FIG. 3 is a circuit diagram of a conventional DC amplifier.

[Explanation of symbols]

 1 and 2 input terminals 3 and 4 resistors 11 and 41 NPN transistors 12 and 42 PNP transistors 9 and 39 resistors 10 and 40 capacitors 13 and 14, 43 and 44 resistors 17 and 47, resistors 16 and 46 capacitors 15 and 45 capacitors 25 and 55 NPN transistor 24, 54 resistor 22, 52 PNP transistor 18, 19, 48, 49 resistor 20, 50 resistor 21, 51 capacitor 26, 56 capacitor 57 cathode ray tube

Claims (1)

[Claims] 1. A pair of transistors having different conductor characteristics are connected between emitters through a parallel circuit of a resistor and a capacitor, and one of the balanced signals is applied to the base of the one transistor to form a capacitor from the collector. A first amplifier which takes out an output via the base, grounds the base of the other transistor, and takes out a direct connection output from the collector;
The emitters of transistors having mutually different conductor characteristics are connected via a parallel circuit of a resistor and a capacitor, the other of the balanced signals is applied to the base of the one transistor, and the output is taken out from the collector through the capacitor, and the other of the A second amplifier for grounding the base of the transistor and taking out a direct output from the collector; and a pair of transistors having conductor characteristics different from each other. The collectors of the transistors are directly connected to be connected to a capacitive load. One of the transistors has a feedback resistor, has a third amplifier in which the emitter of the other transistor is grounded via a capacitor, and a pair of transistors having different conductor characteristics, and the collectors of the transistors are directly connected to each other.

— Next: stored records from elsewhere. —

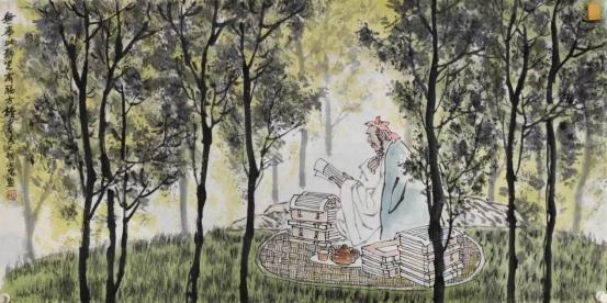 相比用艺术美化红色革命的青春色彩,穆永瑞的历史人物画则多了满纸书卷气,所求一读一解一悟,劝学,明史、立人。百般《劝学》与三更《秉烛夜读》外,他的红衣达摩一扫传统笔下的情态,尝以不动之形蕴含激荡之心。如面壁后的悟道新解令达摩祖师愈显境界通明,虽仍合目求索但已气度非常,感觉随时都会破壁而起,风行天下。此外,他还在历史人物画构图上开创出“反黄金分割法”和一画多构式。前者人物往往处于黄金分割法的反向位置,致使形象格外醒目,或背蕉书写,或背山独思,巧将一一身置之度外:后者可见丈二巨制《观瀑图》,一图多构所产生出的山象、松象、气象和人物形象的自生自立却又和谐一气,使历史、自然与人重构曾经的旷古一瞬。唯有人物背后双松扶摇,一明一暗,中间半截松干鼎立,将另一巨松几欲破画而出的风动之势稳稳撑起,复再细赏,整体构图中每个局部都有自己的完美构图,云聚浩气之境,山立重开之界..
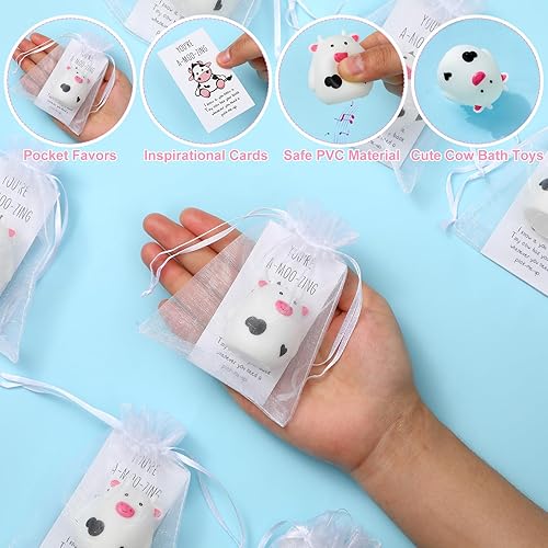 Thoughtful and Funny Design: the cow bath toy with interesting pun cards are more appropriate for giving to others to express your gratitude and encouragement; Besides, pressing the toy cows will make a crisp sound, which can not only relieve stress and bring vitality, but also float on the water for your bath Toy
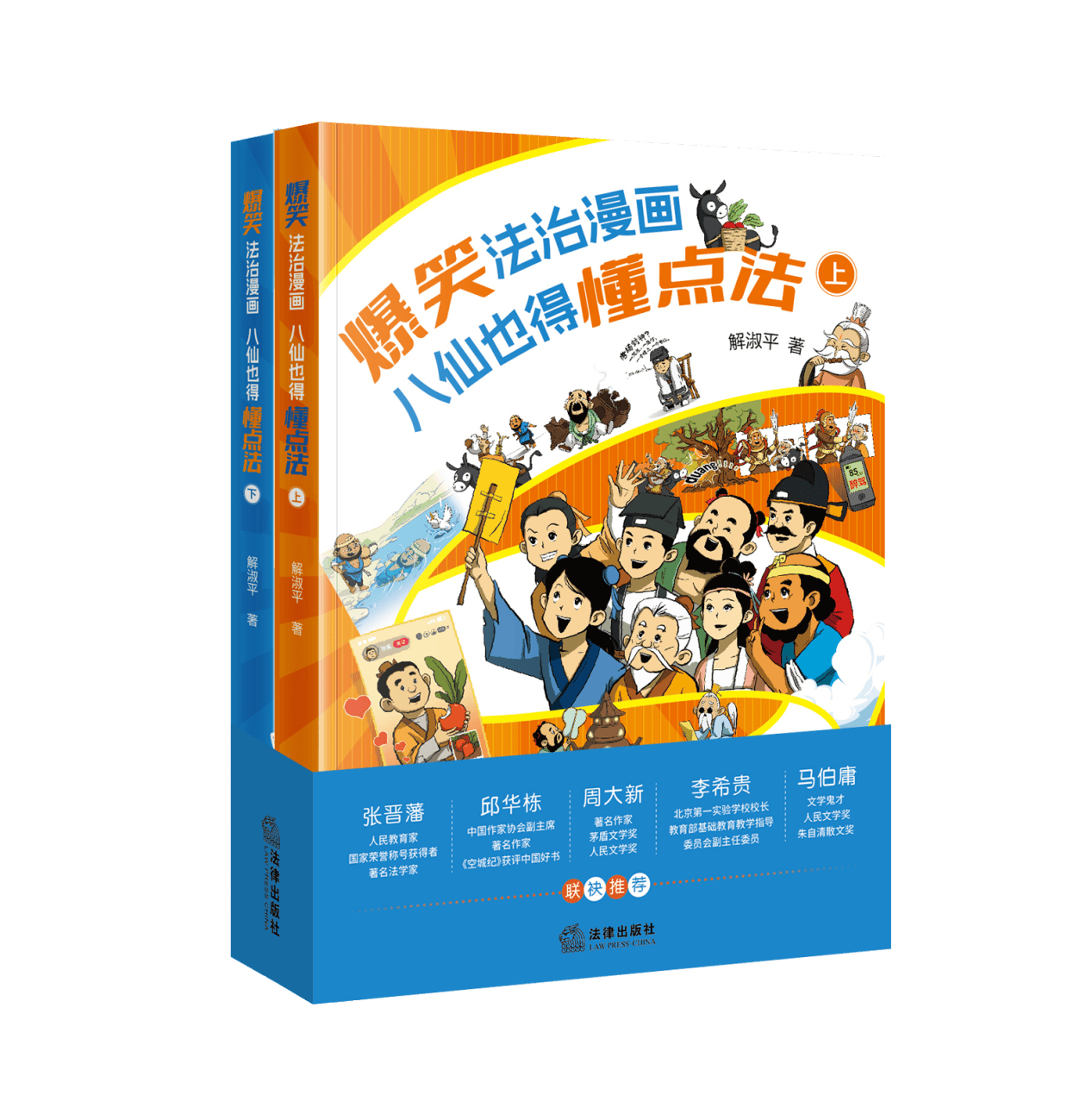 “人民教育家”国家荣誉称号获得者,著名法学家、中国政法大学终身教授、法学界泰斗张晋藩先生,中国作家协会副主席、著名作家邱华栋先生,著名作家、茅盾文学奖、人民文学奖等奖项获奖作家周大新老师,教育家、北京第一实验学校校长、教育部基础教育教学指导委员会副主任委员李希贵先生,文学鬼才、著名作家、《长安十二时辰》《太白金星有点烦》《大医》《长安的荔枝》作者马伯庸先生等法学界、文学界、教育界的专家学者联袂推荐《爆笑法治漫画——八仙也得懂点法》。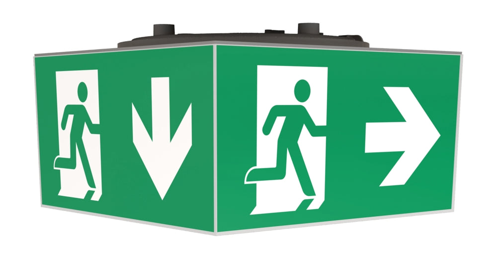 Deckenanbaumontage, optional: Seil- Ketten oder Pendelmontage, mit Bajonettverschluss, mit 4 x 1W High Power LED, IP65, WirelessControl Professional, 3h Autonomiezeit; Piktogramme mit Pfeilen: links, unten, rechts werkseitig angebracht, Erkennungsweite: 50m, per Funk schaltbar, LiFePO4 Akku, in WirelessControl Professional Ausführung
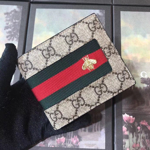 구찌 GG수프림 웹 꿀벌자수 반지갑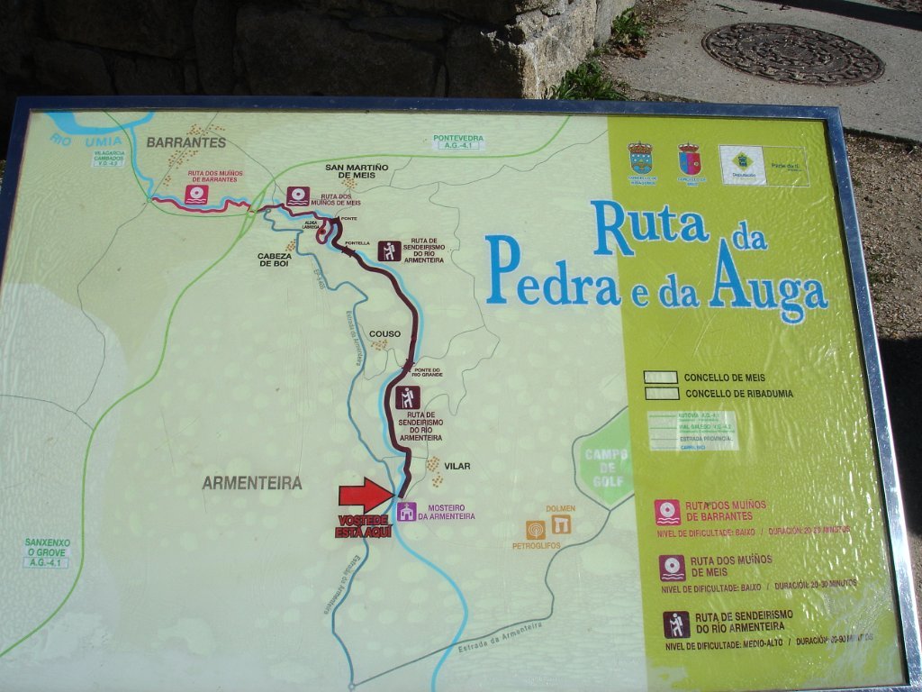 Da parte de manhã com inicio no município de Meis mais propriamente no mosteiro de Armenteira e sempre acompanhando um pequeno ribeiro com o mesmo nome. Trata-se de um velho caminho que se percorria tradicionalmente “lunes” da Páscoa.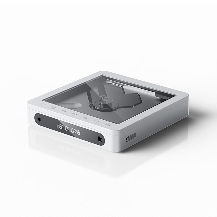 144×137×27mmのコンパクトなボディに、ESP電子防振機能を搭載。持ち運び時やデスクトップでの再生時も安定した音楽再生を実現します。アルミニウム合金ボディは質感と耐久性を兼ね備え、ヒンジ部分には精密加工されたアルミニウム合金部品を採用しています。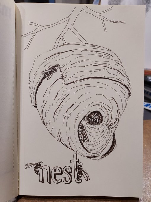 #inktober2022 #nest I thought about trying to sketch one of the birdhouse baskets my mom used to make, but I settled on paper #wasps. They do such an amazing job building their nests with spit & hard work. #ink #pdxartist #Artist #artistontwittter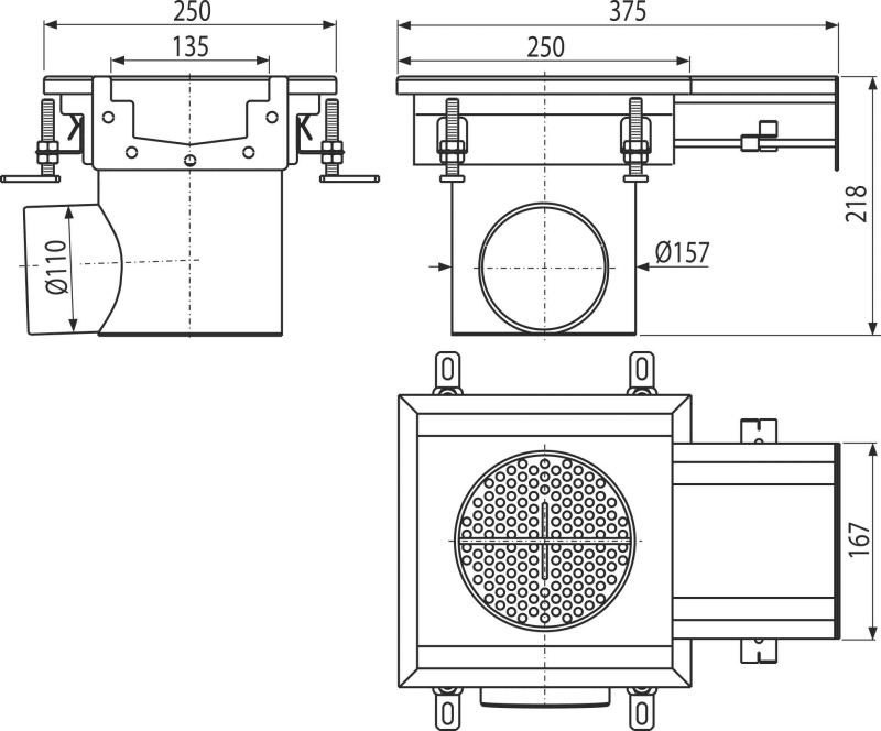 Rūpnieciskais traps 250×250-135 no nerūsējošā tērauda AISI 316L, ar kārbveida izvadu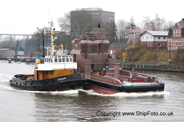 Veteran Polish tug CYKLOP passes Southbound with a newbuild tug hull on 26th April.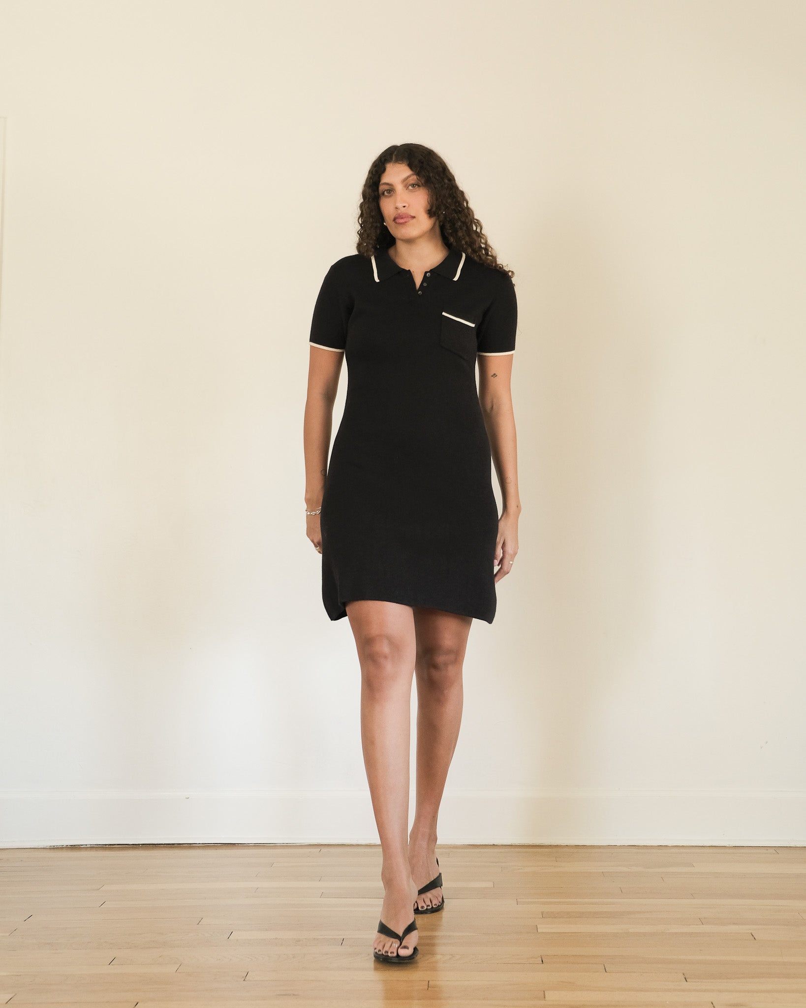 Black ribbed knit polo mini dress c. 1990s. Thick and stretchy knit cotton + rayon blend. Short sleeves and a collared neckline with 3 button closure. Patch pocket at breast. Subtle a-line silhouette. White contrast stripes at sleeves, pocket, and collar. Hemline falls mid-thigh.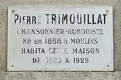 An 1899 reviewer said of his work that his modernist poems included elements derived from the 17th century work of Molière. He had a mischievous and caustic wit.[6] Starting in the early 1900s Trimouillat stopped performing apart from short appearances for charity. Trimouillat died in 1929.[1] He lived at 10, rue Chanoinesse from 1890 to 1929. His home is commemorated by a plaque.[7]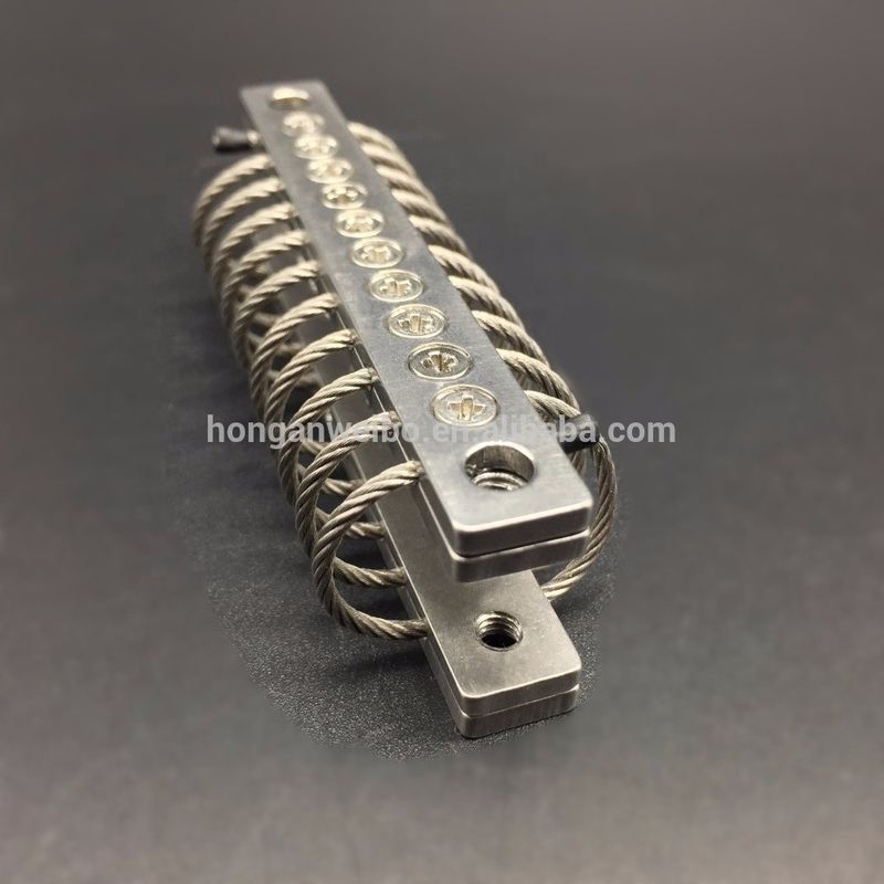 와이어 로프 격리기는 스테인리스 스틸 또는 알루미늄 수리 바를 통해 스레드 된 스테인리스 스틸 로드 케이블로 구성되며 효과적인 충격 및 진동 격리를 위해 장착됩니다.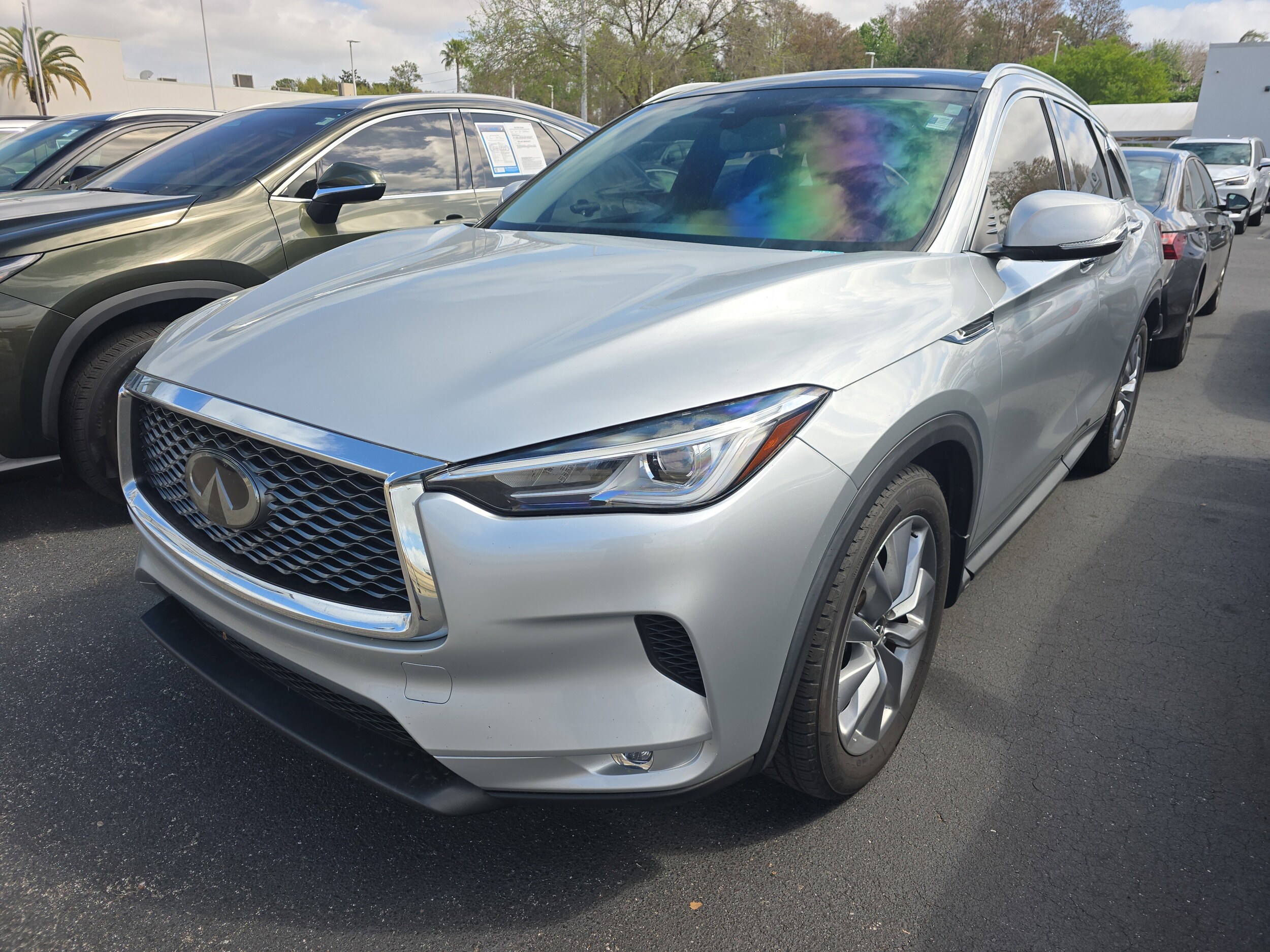 The 2020 INFINITI QX50 LUXE FWD is a used vehicle located at Fields BMW Winter Park. It features a Liquid Platinum exterior and Graphite interior, and is equipped with a turbocharged 2.0L engine and a continuously variable automatic transmission. The QX50 offers a comfortable and luxurious driving experience, with advanced safety features and a spacious interior for up to five passengers.

Is connected to a capacitive load, and Includes anti, the emitter of said other transistor and a fourth amplifier comprising grounded via a capacitor, direct output of the first amplifier the fourth
Input to the base of one transistor of the amplifier, and the output taken out through the capacitor of the first amplifier is applied to the base of the other transistor of the third amplifier to directly connect the output of the second amplifier. Is input to the base of one transistor of the third amplifier, and the output taken out through the capacitor of the second amplifier is applied to the base of the other transistor of the fourth amplifier, so that the mutual outputs are Wide-band DC amplifiers configured as phase-balanced amplifiers.